У откровенно реакционных теоретиков искусства и художников связь с Фишером еще гораздо теснее, хотя и здесь почти нигде нельзя констатировать прямое и сознательное усвоение его идеи. Такие писатели, как Адольф Бартельс и Пауль Эрнст, ставшие впоследствии фашистскими знаменитостями, возвращаются по части литературной критики к фишеровским традициям. Они отвергают современное искусство, критикуют его - правда, справа - и обращаются при этом не к идеалу классики Гёте и Шиллера, а к так называемому "серебряному периоду" немецкой поэзии, к периоду пятидесятых-шестидесятых годов, к Геббелю, Келлеру, к умеренному немецкому реализму, развившемуся из поздней романтики и сохранившему ее.
Тут перед нами другой политический оттенок. Если натурализм был выражением умонастроений левой немецкой буржуазии, постепенно осознавшей, что политическая надстройка Германии должна быть надлежащим образом приспособлена к новейшему капитализму, то Бартельс и Эрнст представляли то крыло немецкой буржуазии, которое было против изменения политических форм бисмаркианской Германии и даже предлагало по возможности урезать ее "чрезмерную демократичность". Принятие литературной традиции пятидесятых годов как образца для современного искусства означает таким образом оживление бисмаркианских традиций германской политики, вернее сказать - дальнейшее усиление реакции. При этом имевшиеся в литературе пятидесятых годов (включая и Фишера) элементы романтической критики "дурных сторон" капитализма приобретают новое назначение. Они могут быть использованы для показной атаки на капитализм и фактического провозглашения новой, еще более реакционной формы господства капитала под флагом "оздоровления" и "органического прогресса".

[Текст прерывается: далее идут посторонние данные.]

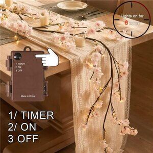 Lighted Garland Spring with Cherry Blossom 96 Fairy Lights 6FT for Mantle
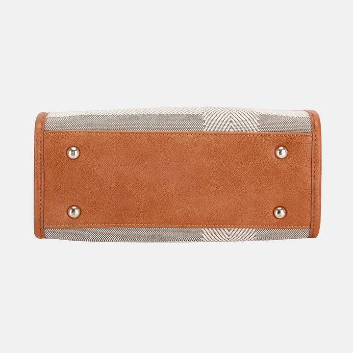 This Striped Contrast Tote Bag is a chic and eye-catching accessory for your everyday needs. The striped design adds a touch of sophistication and style. With contrasting colors, it offers a bold and dynamic look. The spacious interior is perfect for carrying your essentials in an organized manner. The sturdy tote handles ensure comfortable carrying, while the durable material promises long-lasting use. Elevate your outfit with this trendy and practical tote bag that is ideal for work, shopping, or casual outings.

Однако настоящее "возрождение" Фишера произошло лишь в послевоенные годы, в теснейшей связи с неогегельянством. Начинают выходить новые издания сочинений Фишера; один из виднейших теоретиков неогегельянства, Герман Глокнер, издатель Гегеля, посвящает Фишеру два специальных исследования. Это не случайно. Связь всей тенденции Фишера с фашистским неогегельянством послевоенной Германии велика. Здесь мы можем лишь вкратце отметить важнейшие точки соприкосновения.

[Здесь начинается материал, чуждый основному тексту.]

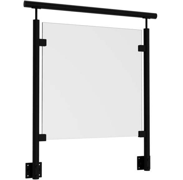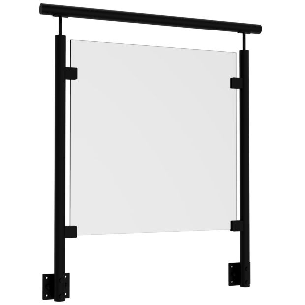 Balustrada szklana na słupkach fi 42,4 z poręczą - montaż boczny czarny RAL 9005
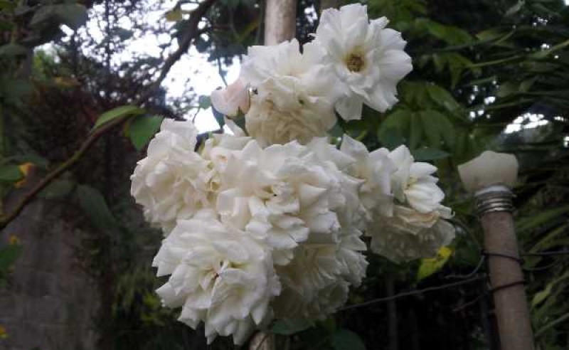 Falo aqui da rosa branca de cacho, a trepadeira - aquela dos cachos grandes, pendurados, de rosas miúdas e cheirosas. Muitos pensam que qualquer rosa branca serve mas isso não é correto. A rosabranca medicinal não nasce em estufa, é orgânica, dá a pleno sol e não tem características de flor de corte nem, se vende em floricultura, a não ser nas especializadas em ervas medicinais.

Во-первых, неогегельянство стремится к полнейшему объединению Канта и Гегеля. "Каким бы парадоксом это ни звучало, - говорит Глокнер, - вопрос о Гегеле является сейчас в Германии прежде всего вопросом о Канте"[160]
. Тут нам остается только напомнить читателю уже известный ему факт, что Фишер после революции 1848 года перешел от Гегеля к Канту. Глокнер особенно подчеркивает именно эту заслугу Фишера: "Первая часть его самокритической работы от 1866 года принадлежит, чего еще никто не отметил, к истории неокантианского движения"[161]. Во-вторых, главное устремление неогегельянцев заключается в том, чтобы вытравить диалектику из гегелевской системы и заменить эту "алгебру революции" реакционной софистикой. Ограничимся за недостатком места ссылкой на банальную фигуру Зигфрида Марка, который изгоняет из диалектики принцип отрицания.Словом, из диалектики удаляется все, что связано с революционным скачком, все элементы прогрессивного преобразования истории. Не случайно, что "возрождению" Гегеля предшествовало размазывание значения Гёте в духе "философии жизни". Ибо Гёте, несмотря на все подчас грандиозные попытки ввести в естественные науки идею развития, остановился все-таки в страхе перед принципом насильственного перехода, перед диалектикой в истории, и поэтому он представляет по сравнению с Гегелем более низкую форму диалектического мышления. Реакционные неогегельянцы ухватываются именно за эту отсталость Гёте; при этом, конечно, и сам Гёте фальсифицируется в угоду реакционным потребностям. Диалектика превращается у Глокнера в мистический "первичный феномен". Он цитирует как образцовую картину диалектического процесса стихотворение "Римский фонтан" Конрада-Фердинанда Мейера (к слову сказать, тоже поэта "серебряного периода").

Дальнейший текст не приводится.